A subset of the machine learning methods is the Neural Network, which is furthermore classified as a deep learning method. Both are subcategories of artificial intelligence. As the name machine learning indicates, the method can be trained by running through pre-tests. Once learned, the machine can generalize and then apply this knowledge to new data. The main difference between deep learning and machine learning consists in the way information are processed: Machine Learning needs structured Data, whereas the Neural Network can process huge datasets, which are partly non-structured - e.g. can transform pictures into numeric data. The more data that is transferred, the more accurate the result will be.

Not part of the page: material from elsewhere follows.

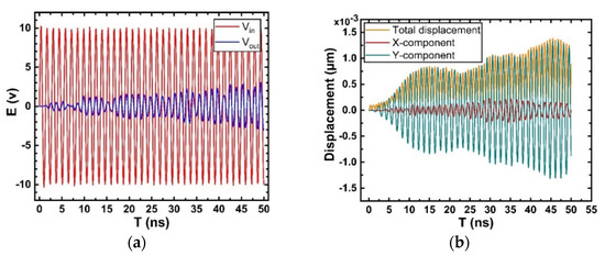 Results of transient analysis. (a) Input and output voltage on IDT; (b) Simulation diagram of the total surface displacement of the model and its X-Y component displacement.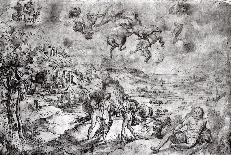 scène mythologique (chute, Phaéton, mort, char, cheval : dans les airs, nuage, homme, nudité, pot, femme, feuillu) ; fond de paysage (colline, village)

Especially the artificial Neural Network (ANN) are interesting for multiple Applications using e.g. face-/voice recognition.

Here is an example:

A human brain recognizes a person although their appearance is changing constantly, even if it sees only a small part of the face, like the eyes. A situation, which we had in the last two years a lot. A machine on the other hand usually needs the exact same information (photo). With the Neural Network we can train a machine to recognize a person in different movements and appearances, just as the human brain does.

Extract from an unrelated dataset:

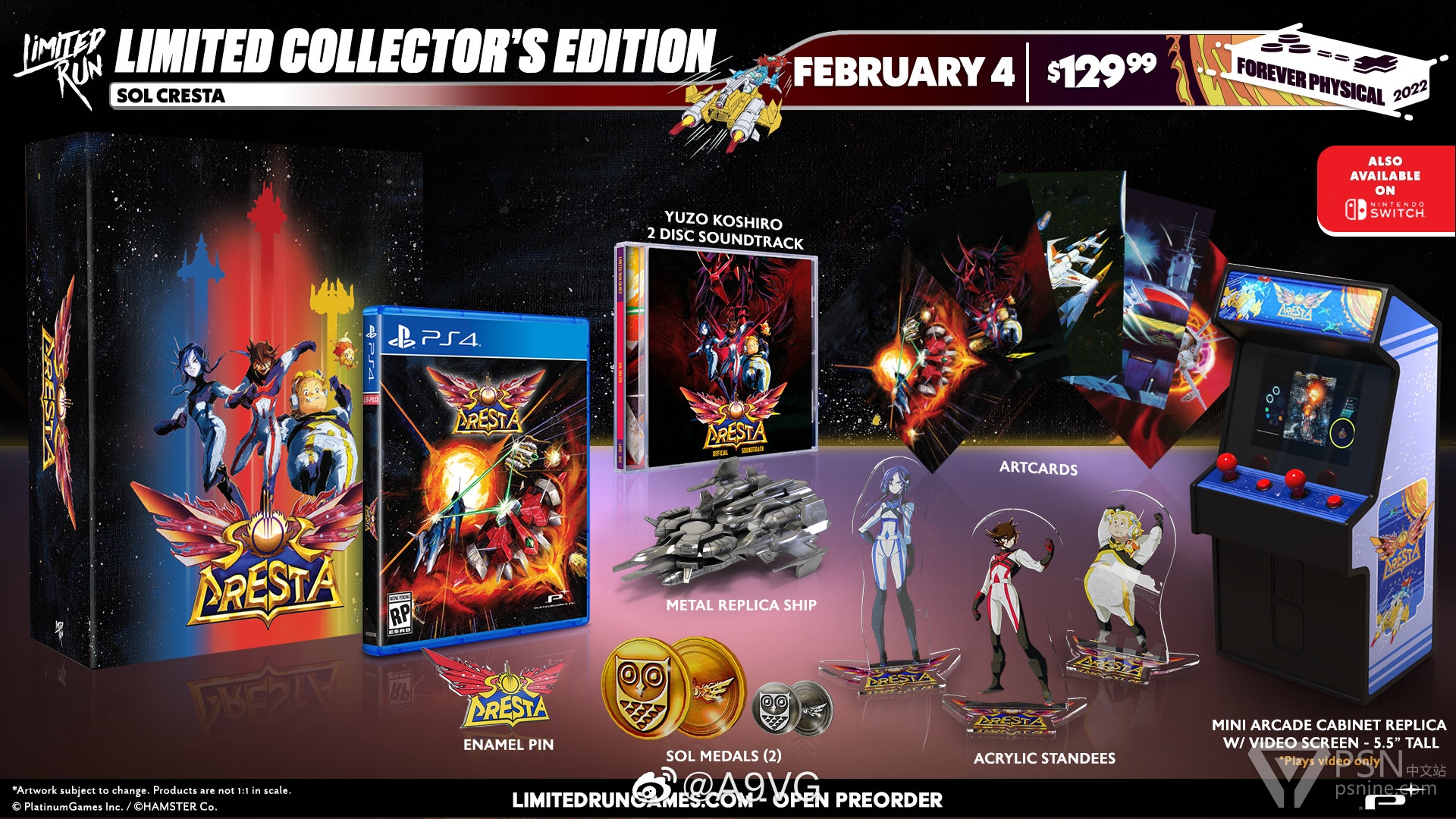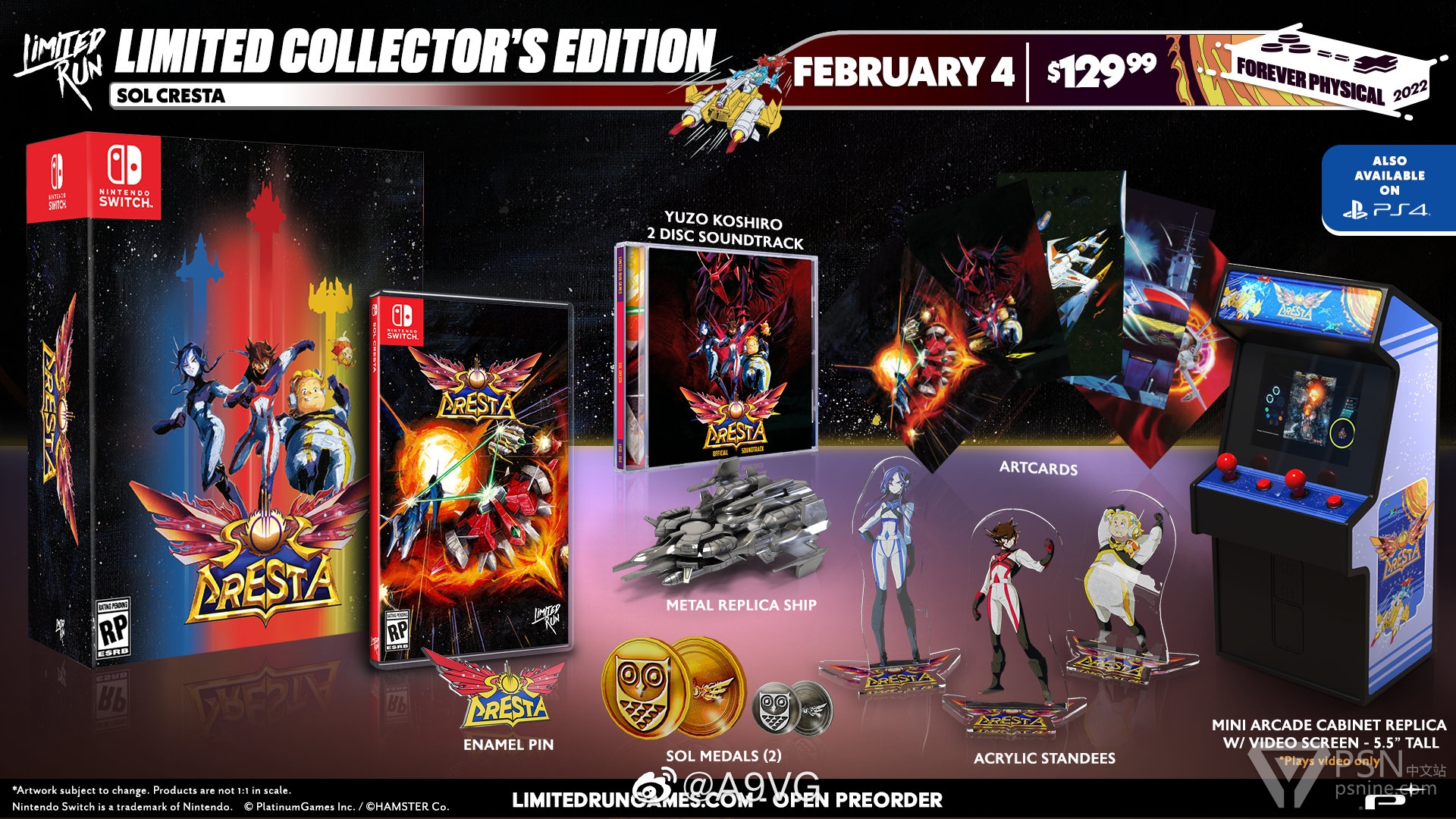 Limited Run Games还将推出本作的PS4和NS实体版,标准版49.99美元,收藏版129.99美元,包含实体游戏、2张原声碟、艺术卡、珐琅徽章、2枚奖牌、复刻金属飞船、亚克力立牌、14cm高的迷你街机(带屏幕,仅用于播放视频)。

Wuttke, L. (n.D.): can be found here

The developing ideas started in 1943 when Warren McCulloch and Walter Pitts connected some neurons to something resembling a net. Ever since then the development of the neural networks kept on going and since 2009 it is widely used, especially for tasks which are more demanding and contain a huge set of data. Since it is known for their efficient way of solving real world problems it is today one of the much extensively researched areas in computer science.

How does Neural Network works

There are varies kinds of Neural Network existing, but the basic structure stays the same: It consists of multiple layers, from which we can only see two: the input layer and the output layer. In between these two layers are further layers but these are invisible and thus are called the hidden-layers. These layers are essential for the functioning of the method. Furthermore there is to say, that each layer consists of several nodes. Each node is connected to another in the neighboring layers and has an associated weight and threshold.

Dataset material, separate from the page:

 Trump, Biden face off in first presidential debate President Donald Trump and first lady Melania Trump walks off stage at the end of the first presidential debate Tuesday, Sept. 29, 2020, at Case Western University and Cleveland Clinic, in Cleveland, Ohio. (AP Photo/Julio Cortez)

IBM 2020: can be found here

Some mathematics

Ibrahim, A. et. al (2016): can be found here

Before starting, the impact of the different input layers is taken in consideration in order to assign the weight to the variable. All input-layers are then multiplied by their respective weights, the products are summed. Afterwards, the result is determined by passing the data through an activation function for limiting the amplitude of the output to a finite value. The nodes of the given layer are sending data to the next layer only if the output of any individual node is above the threshold value, otherwise no data is transmitted.

\[ \Large output=f(x) \left\{ \begin{matrix}\ 1\ if \sum_{i=1}^{m}w_i*x_i \geq 0 \\ 0\ if \sum_{i=1}^{m}w_i*x_i < 0 \\ \end{matrix} \right. \]

Some exemplary activation functions:

Rahul Jayawardana, J.K. & T. Sameera Bandaranayake (2021): can be found here

Modeling species richness

Used Packages

First of all, we need to load several libraries. We especially need the SSDM package, because we are going to use this to model our data.

library(SSDM)
library(raster) 
library(data.table) 
library(jpeg)
library(plyr)

During the workflow we need the path to our working directory several times. To make this step easier, we will store this path in the wd variable.

wd <- setwd("C:\\Users\\Hannes\\OneDrive\\4. Semester\\Species Distribution Modelling\\SDM_MaHa\\MaHa_Arbeitsordner")

Read in data

Read in environment data

As mentionned above, we are utilizing the SSDM package. This package brings along multiple functions that take over some data preparations, which it is executing in the background.

To begin with, we load in some environmental data. Since we are part of the SDM course, we are getting the specific data for our study area, which is Pakistan. Thus, we do not have to crop them. The data are available as GeoTif. We chose to use the precipitation, solar radiation, average temperature and wind speed data, in order to depict the living conditions for the species we are going to analyse later on. Additionally we download the elevation data and store it together with the other environmental data. You can download the raw data here. Otherwise you can use e.g. the getData function from the raster package.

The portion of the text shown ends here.